LONDON—Oil prices were stable on Thursday as the market weighed the prospect of tight supply against possible recession in the United States, the world’s largest oil consumer.
Brent crude fell 7 cents, or 0.08 percent, to $87.26 a barrel by 0935 GMT. U.S. West Texas Intermediate (WTI) was unchanged at $83.26.
Both benchmarks had risen 2 percent on Wednesday to their highest in more than a month as cooling U.S. inflation spurred hopes that the U.S. Federal Reserve will stop raising interest rates.
However, minutes from the Fed’s last policy meeting indicated that banking sector stress could tip the economy into recession, which would weaken U.S. oil demand.

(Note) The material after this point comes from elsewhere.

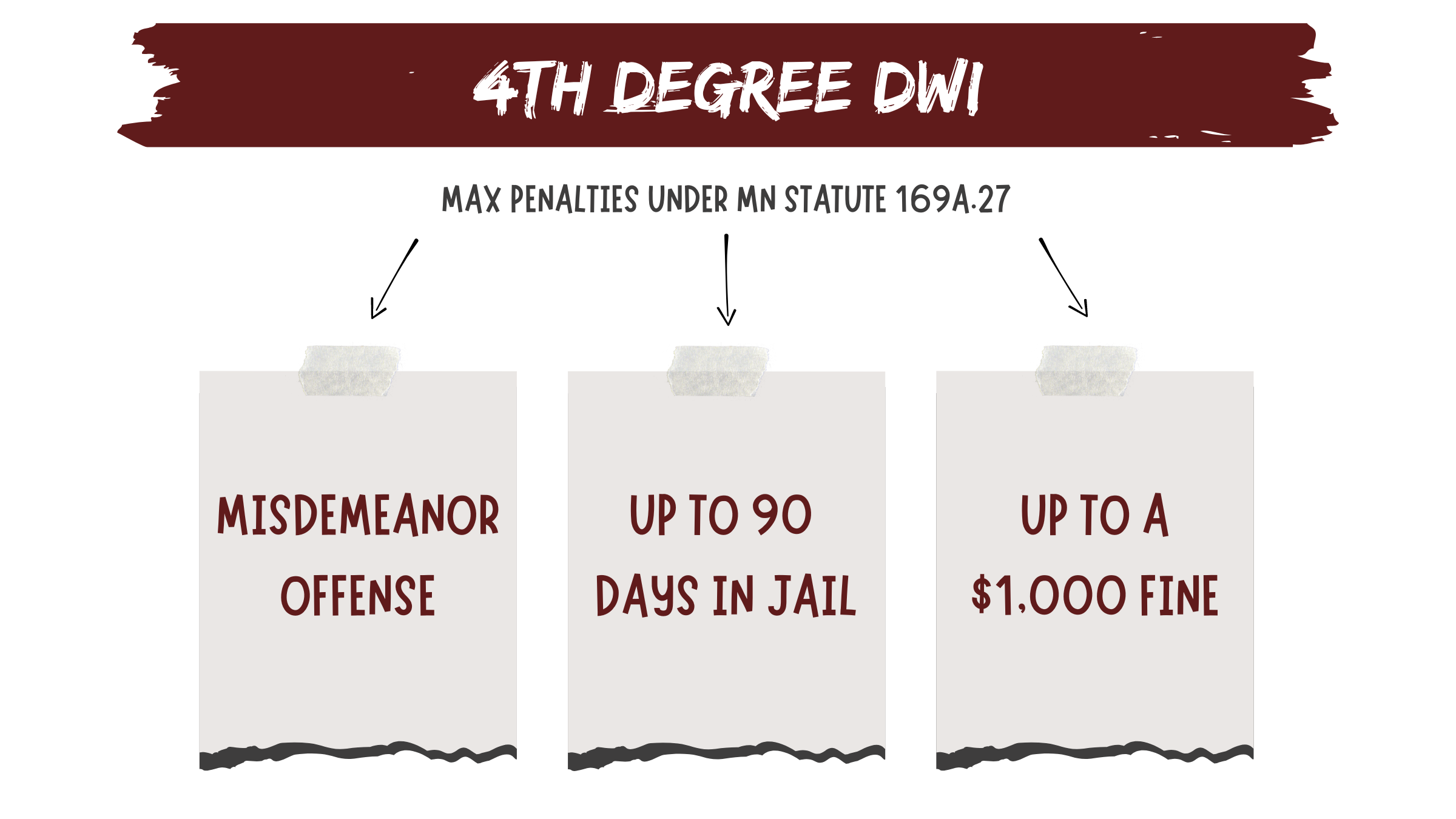 Under MN statue 169A.27, a 4th Degree DWI is a misdemeanor offense that carries a maximum punishment of 90 days in jail and a $1,000 fine. You could be charged with a 4th Degree DWI if:

“Global economic growth is fragile and inflationary pressure could easily become elevated again,” said Tamas Varga of oil broker PVM.
The market is still reeling from the shock decision by the Organization of the Petroleum Exporting Countries (OPEC) and its allies, together known as OPEC+, to increase its production cut targets.
While the executive director of the International Energy Agency expects the move to tighten supply in the second half of the year and push oil prices higher, the International Monetary Fund on Tuesday highlighted the risk this poses to global economic expansion.
For every 10 percent rise in the price of oil, IMF models show a 0.1 percentage point reduction in growth and a 0.3 percentage point increase in inflation, said IMF chief economist Pierre-Olivier Gourinchas said.
Investors will be looking for direction from the OPEC monthly oil market report due at 1130 GMT on Thursday.
Markets on Wednesday shrugged off a small build in U.S. crude oil stocks, attributing it in part to a release of oil from the U.S. emergency reserve and lower exports at the start of the month.
The Biden administration plans to refill the U.S. Strategic Petroleum Reserve soon and hopes to do it at lower oil prices, U.S. Energy Secretary Jennifer Granholm said on Wednesday.